I started teaching first-year medical students for a course called Medical Immunology twelve years ago. After observing and assisting my soon-to-be predecessor for a time, I took over the course, and I had almost complete control over the curriculum, lectures, small-group activities, testing, and grading. Only once a year did we meet with our colleagues from other campuses to discuss what and how our students should be learning. The rest of the details were left up to each site director, and decisions were made locally based on their own experiences, talents, and preferences.
Consequently, my students knew I had this control, and understood my potential influence on their grades and their academic and clinical careers. Not surprisingly, the course was taken seriously by most. I got feedback at the end of the course in anonymous student evaluations, and although there were always a few that hated me and everything else about the course, they generally accepted that I was in charge. The constructive criticism I took seriously, and the rest I ignored. The grades at our campus were in line with the rest of the state, and our students tended to do better on their board exams, so no one was concerned about the local process, only the good outcomes.

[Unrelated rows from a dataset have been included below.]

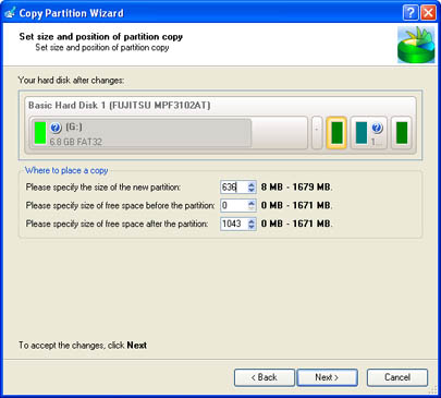 - Copy the partition with resize. This option gives the possibility to copy the partition to a block of free space, which is smaller than the partition itself.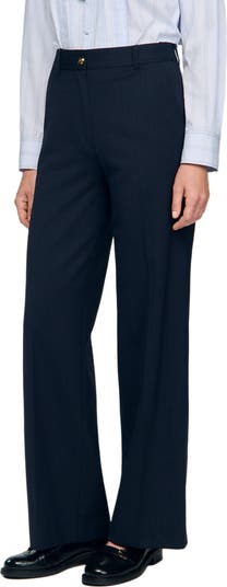 Straight-leg trousers with fine stripes, belt loops and a decorative button.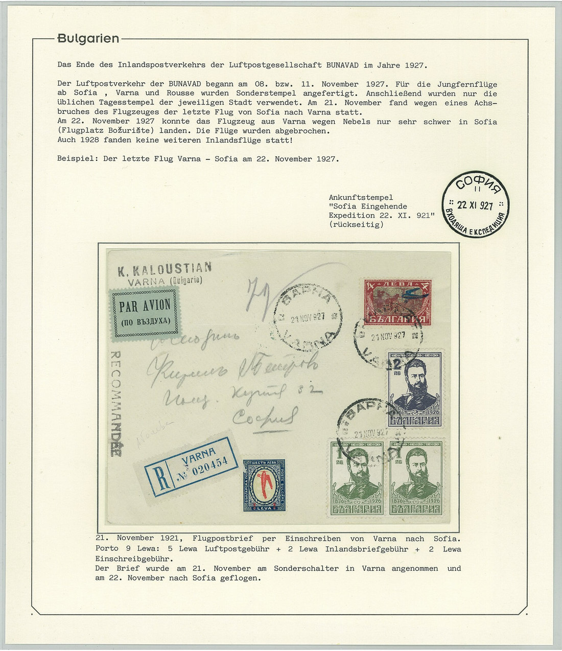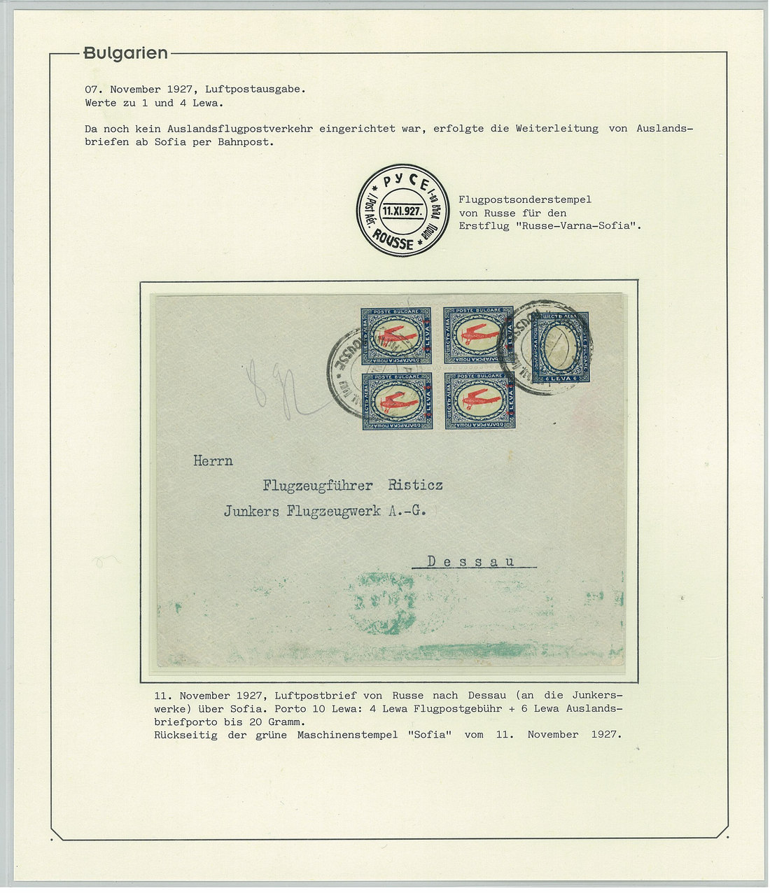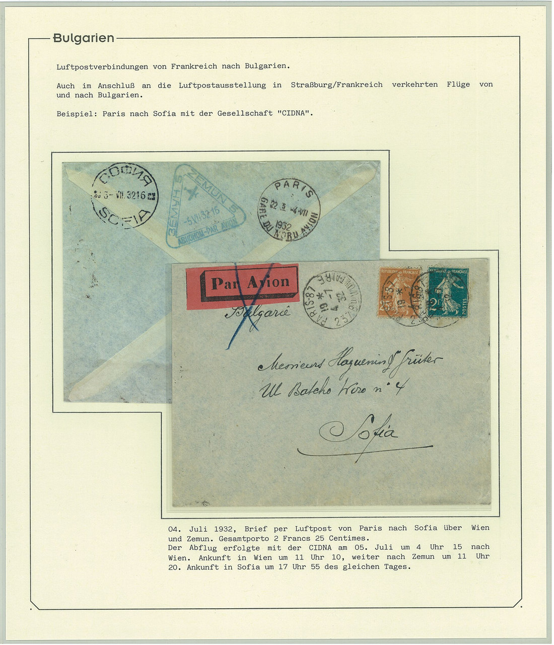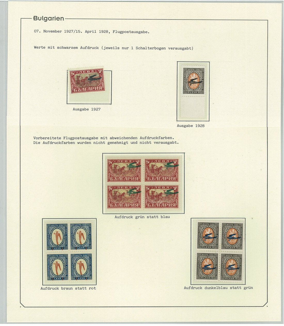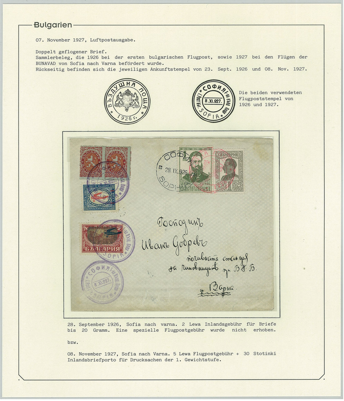 BulgariaLater Issues1927-28, Airmail Issues. An interesting collection with rare 1927-28 official publication featuring scheduled flights and postal rates, stamps with few varieties and 35 covers, mainly being airmails to foreign destinations including unusual examples such as Turkey. Mi. 206-209, I-III.

Fast-forward twelve years and much has changed about medical education and my place in it. My course has been combined with Medical Microbiology, and is taught in a single 6-week block (it was previously once a week for the fall semester). Every decision about the course implementation is made by all the site leaders in the state, with major changes directed by school administrators who expect the curriculum to be equivalent at every site. Much of the material is prerecorded and delivered online statewide, whereas before lectures were delivered locally in-person and posted online afterwards. All of the small group cases and activities are prepared in advance, and the students are expected to come to class to work through each activity with their groups, and the instructor is basically a facilitator, not doing much teaching. Any actual teaching that occurs is in the form of optional reviews of the statewide material, either on campus or virtually.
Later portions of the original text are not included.